8 2. Bagi guru, penelitian ini dapat dijadikan sebagai sumber informasi bahwa pembelajaran BbL dapat dijadikan sebagai salah satu alternatif untuk meningkatkan kemampuan koneksi matematis, berpikir kritis dan motivasi belajar siswa. 3. Bagi penulis dan pembaca, penelitian ini dapat menambah pengetahuan dan pengalaman dalam pembelajaran matematika dengan menerapkan pembelajaran BbL. E. Definisi Operasional Guna menghindari terjadinya perbedaan pemahaman terhadap istilahistilah yang digunakan dalam penelitian ini, maka beberapa istilah didefinisikan sebagai berikut: 1. Kemampuan koneksi matematis adalah kemampuan dalam mengaitkan konsep-konsep matematika baik antar konsep matematika itu sendiri maupun mengaitkan konsep matematika dengan bidang lain. Indikator kemampuan koneksi matematis yang akan digunakan dalam penelitian ini yaitu (1) mencari dan memahami hubungan antar konsep atau aturan matematika; (2) antara konsep atau aturan matematika dengan bidang studi lain; dan (3) antara konsep atau aturan matematika dengan aplikasi pada kehidupan nyata. 2. Kemampuan berpikir kritis matematis adalah kemampuan berpikir dalam menyelesaikan masalah matematika yang melibatkan pengetahuan matematika, penalaran matematika dan pembuktian matematika. Indikator kemampuan berpikir kritis yang diukur dalam penelitian ini diantaranya: (1) memberikan penjelasan sederhana (elementary clarification); (2) membangun keterampilan dasar (basic support); (3) membuat kesimpulan (inference); (4) membuat penjelasan lebih lanjut (advances clarification); (5) menentukan strategi dan taktik (strategi and tactics) untuk memecahkan masalah.

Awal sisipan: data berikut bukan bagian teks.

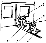 1 - геодезическая риска, 2 - растворная лопата, 3 - растворная постель, 4 - кельма, 5 - рабочий, выполняющий монтажные работы,

9 3. Motivasi belajar adalah suatu daya, dorongan atau kekuatan, baik yang datang dari diri sendiri maupun dari luar yang mendorong siswa untuk belajar. Indikator motivasi belajar yang diukur dalam penelitian ini adalah (1) adanya dorongan dan kebutuhan belajar; (2) menunjukkan perhatian dan minat terhadap tugas; (3) tekun menghadapi tugas; (4) ulet menghadapi kesulitan; (5) adanya hasrat dan keinginan berhasil. 4. Pembelajaran BbL adalah pembelajaran yang diselaraskan dengan cara kerja otak yang didesain secara ilmiah untuk belajar. Pembelajaran ini mempertimbangkan apa yang sifatnya alami bagi otak dan bagaimana otak dipengaruhi oleh lingkungan dan pengalaman, serta tidak terfokus pada keterurutan, tetapi lebih mengutamakan pada kesenangan dan kecintaan siswa akan belajar. Fase pembelajaran BbL yaitu: (1) pra-pemaparan; (2) persiapan; (3) inisiasi dan akuisisi; (4) elaborasi; (5) inkubasi dan memasukkan memori; (6) verifikasi dan pengecekan keyakinan; serta (7) perayaan dan integrasi.